Amidation; General Procedure. Benzylamine (8.0 mmol) was added to a solution of 3-aryl-4-cyanosydnone (5d or 9, 2.0 mmol) in xylene (15 mL) and the resulting solution was heated to reflux for 72 h under N2. After the reaction was completed, the reaction mixture was concentrated under reduced pressure to remove xylene. The residue was dissolved in CH2Cl2 (2.0 mL) and purified by column chromatography (silica, EtOAc-hexanes, 4:1) to provide the corresponding product 10a or 10b in 93% and 91% yields, respectively.

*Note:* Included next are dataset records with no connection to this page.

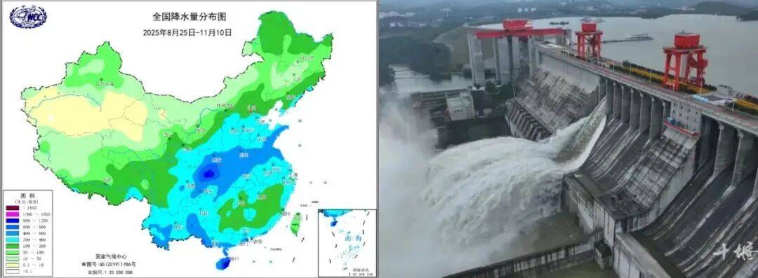 左图为2025年华西秋雨期间全国降水量分布,右图为丹江口水库开闸泄洪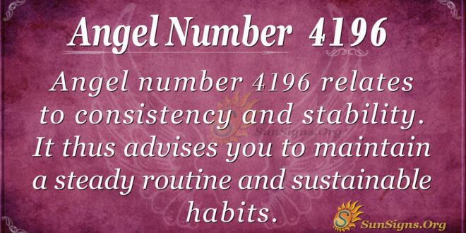 So, what does 4196 mean symbolically? Angel number 4196 symbolizes ambition, success, routine, and stability. It thus urges you to create a sustainable routine.
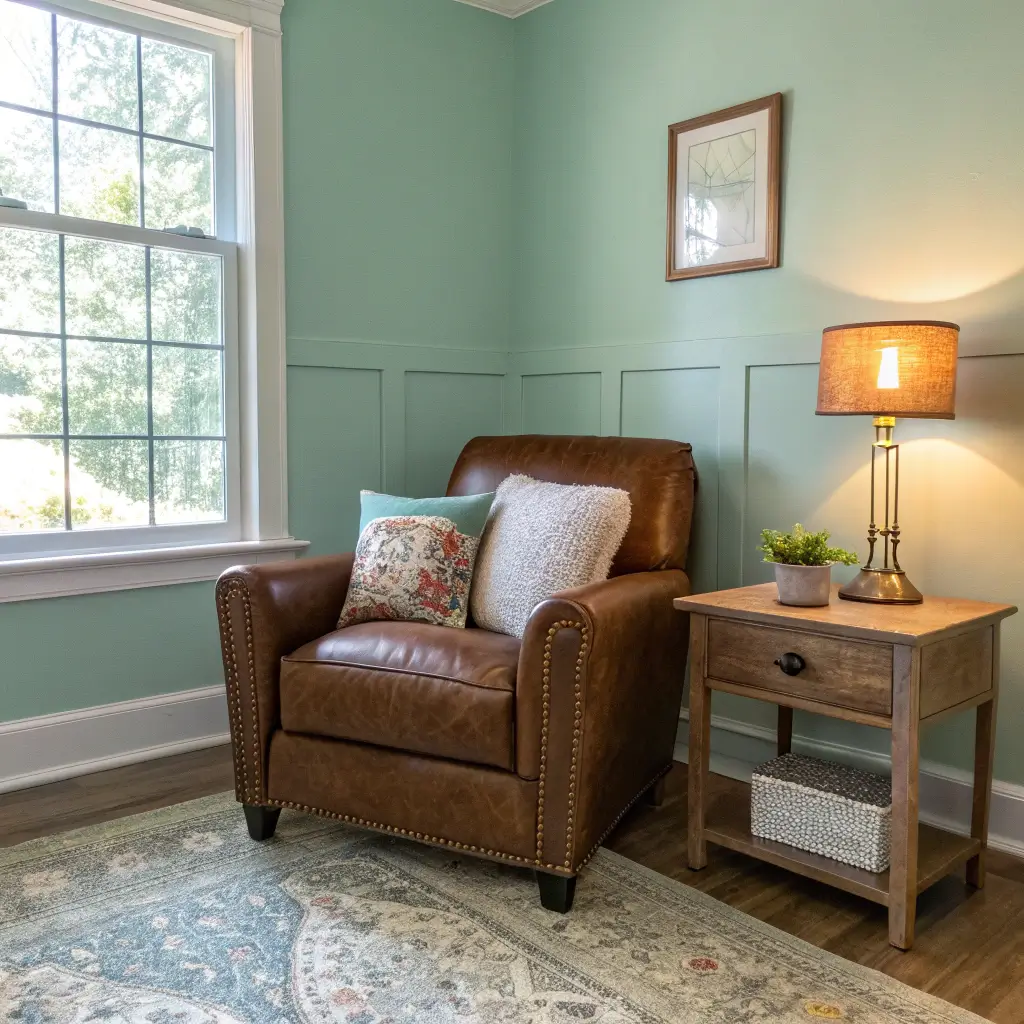 Layer textures to enhance coziness. Soft mint throw pillows on brown leather, a nubby brown blanket against mint walls. These tactile elements invite touching and lingering, which is exactly what cozy corners should do.
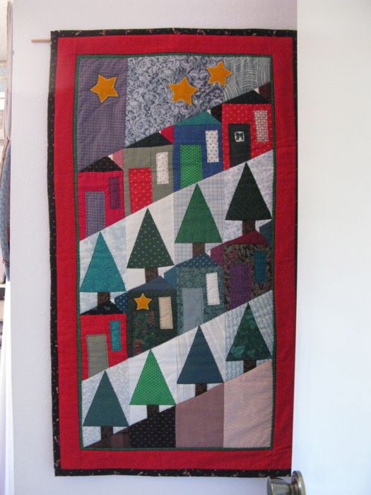 Quilting: First I stitched through the quilt sandwich on the raw-edges of all the house and tree shapes, letting it be slightly wonky as I went. Then the top-stitching on the stars. I switched to white thread and did a loose, large meandering quilting around all the shapes.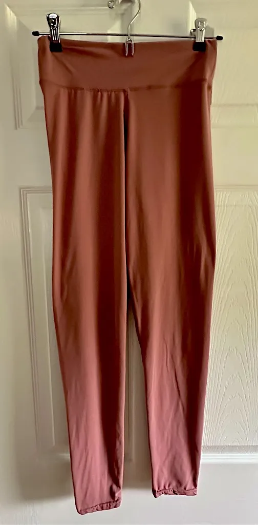 These stylish and comfortable Mauve Pink athleisure leggings are perfect for yoga, casual wear, errands, or lounging. Made from a soft, stretchy knit (92% polyester/8% spandex), they feature a high waist/wide waistband, full-length legs, and a smooth, second-skin feel and offer a flattering, figure-hugging silhouette. A versatile everyday style piece that pairs effortlessly with oversized sweaters, tunics, or athletic tops. Brand: Brand Tag removed; One Size Label visible Style: High Waist Leggings / Yoga Pants Size: One Size Fits Most (See measurements below for comparison) Fabric: 92% Polyester / 8% Spandex Color: Mauve Pink / Dusty Rose Condition: Good condition—NOTE: Has a small stain near the bottom of one leg as shown. From a smoke-free, dog-friendly home Measurements (Lay Flat, Unstretched): Waist: 12 inches Rise: 10 inches Inseam: 27 inches #Leggings #Activewear #Athleisure #Mauve #DustyRose #HighWaist #YogaPants #OneSizeFitsMost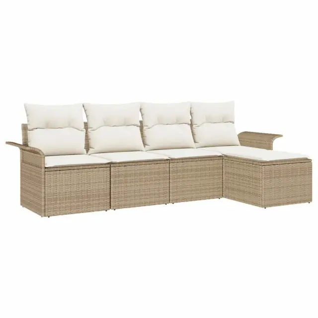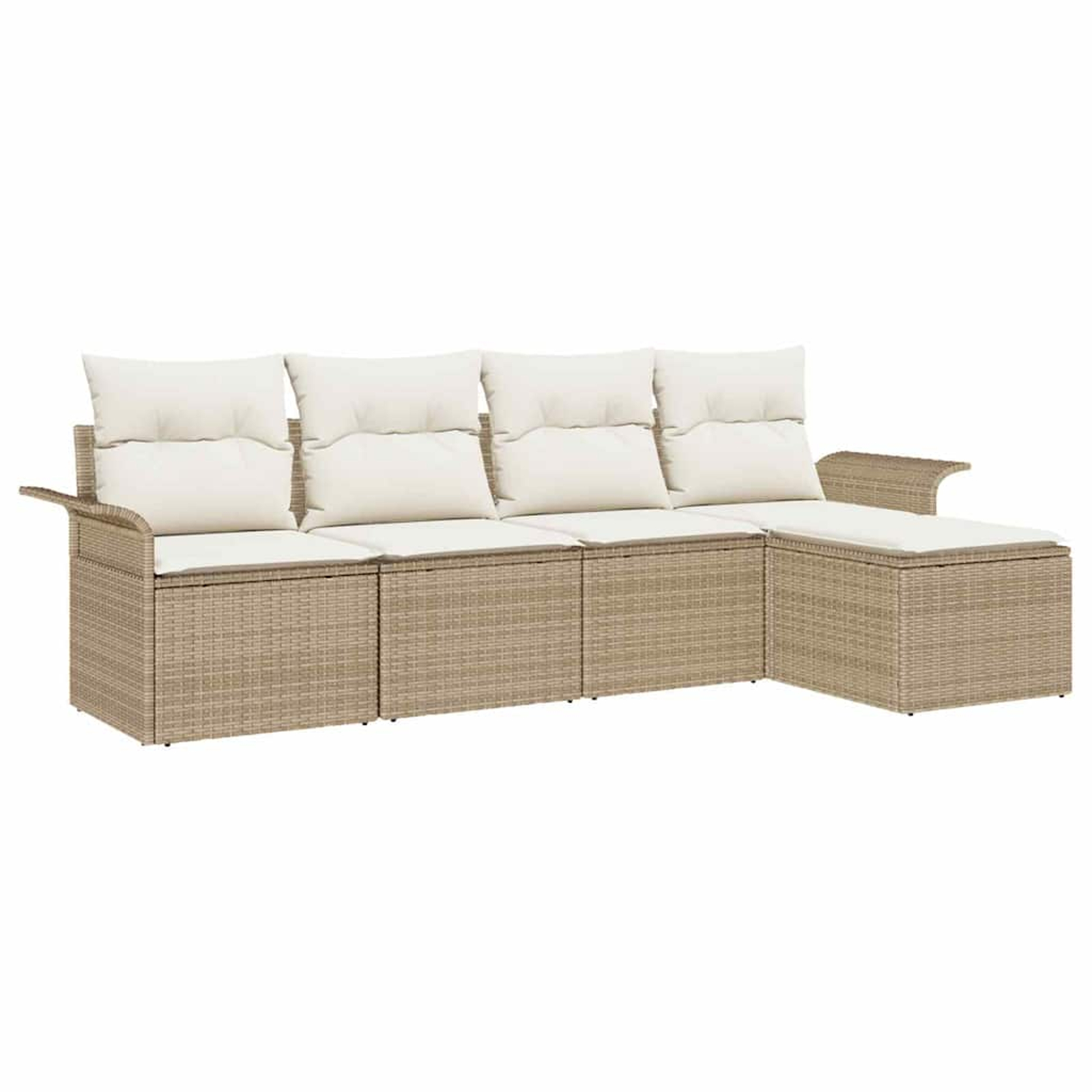 vidaXL Vrtna sedežna garnitura z blazino 5 pcs Bež poli ratan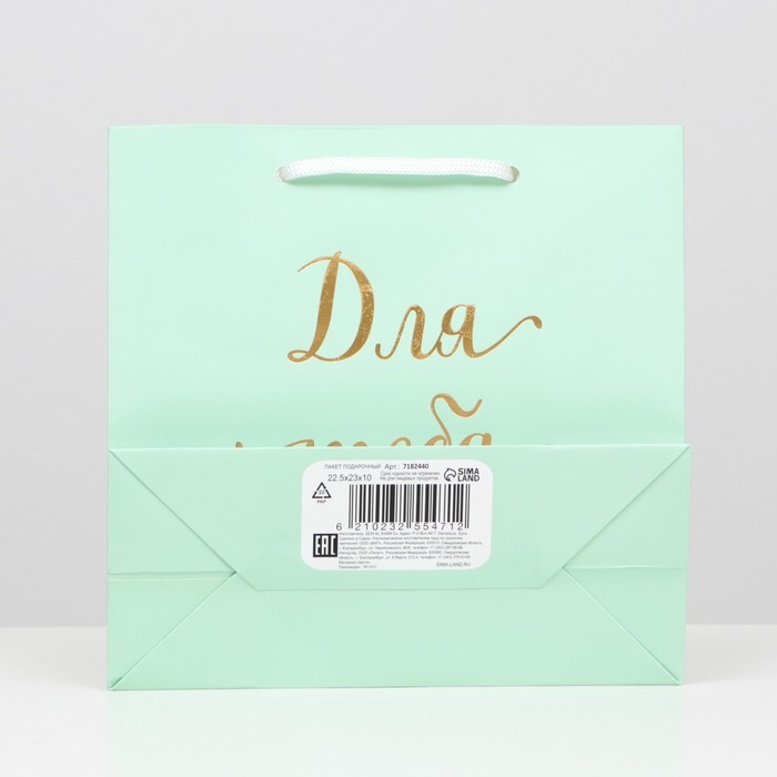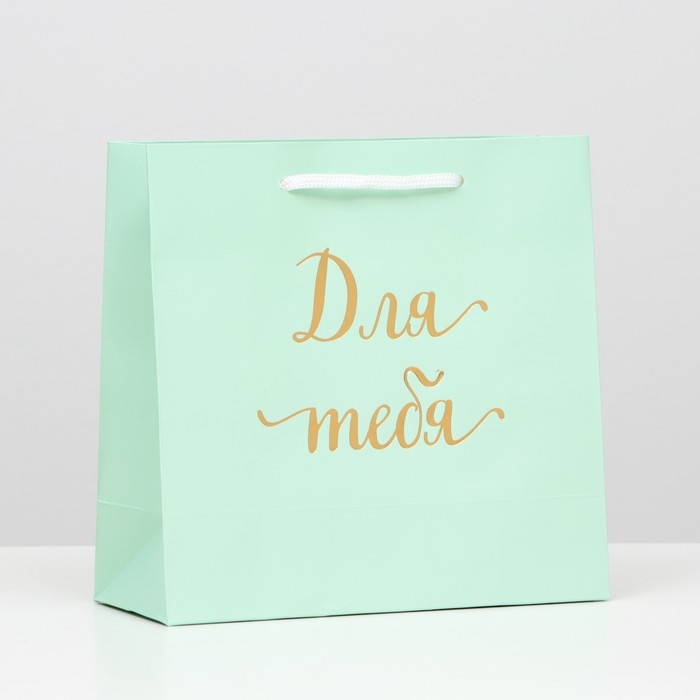 Пакет подарочный крафт "Для тебя", зелёный, 22,5 х 23 х 10 см, набор 12 шт.

10a: Mp 142-144 °C; IR (KBr): 3331 (s, NH), 2237 (m, CN), 1655 (m, C=O) cm-1; 1H NMR (CDCl3, 300 MHz): δ = 1.34 (t, J = 6.8 Hz, 3 H, CH3), 4.10 (q, J = 6.8 Hz, 2 H, CH2), 4.44 (d, J = 6.3 Hz, 2 H, NCH2), 7.13 (d, J = 9.0 Hz, 2 H, ArH), 7.20-7.26 (m, 1 H, ArH), 7.29-7.31 (m, 4 H, ArH), 7.66 (s, 1 H, pyrazole-H), 7.71 (d, J = 9.0 Hz, 2 H, ArH), 9.14 (t, J = 6.3 Hz, 1 H, NH); 13C NMR (CDCl3, 75 MHz): δ = 15.83, 43.51, 65.01, 111.99, 116.38, 117.03, 117.28, 126.94, 128.15, 128.67, 169.59, 131.97, 140.63, 148.63, 160.70, 160.93; Anal. Calcd for C20H18N4O2: C, 69.35; H, 5.24; N, 16.17. Found: C, 69.40; H, 5.35; N, 16.02.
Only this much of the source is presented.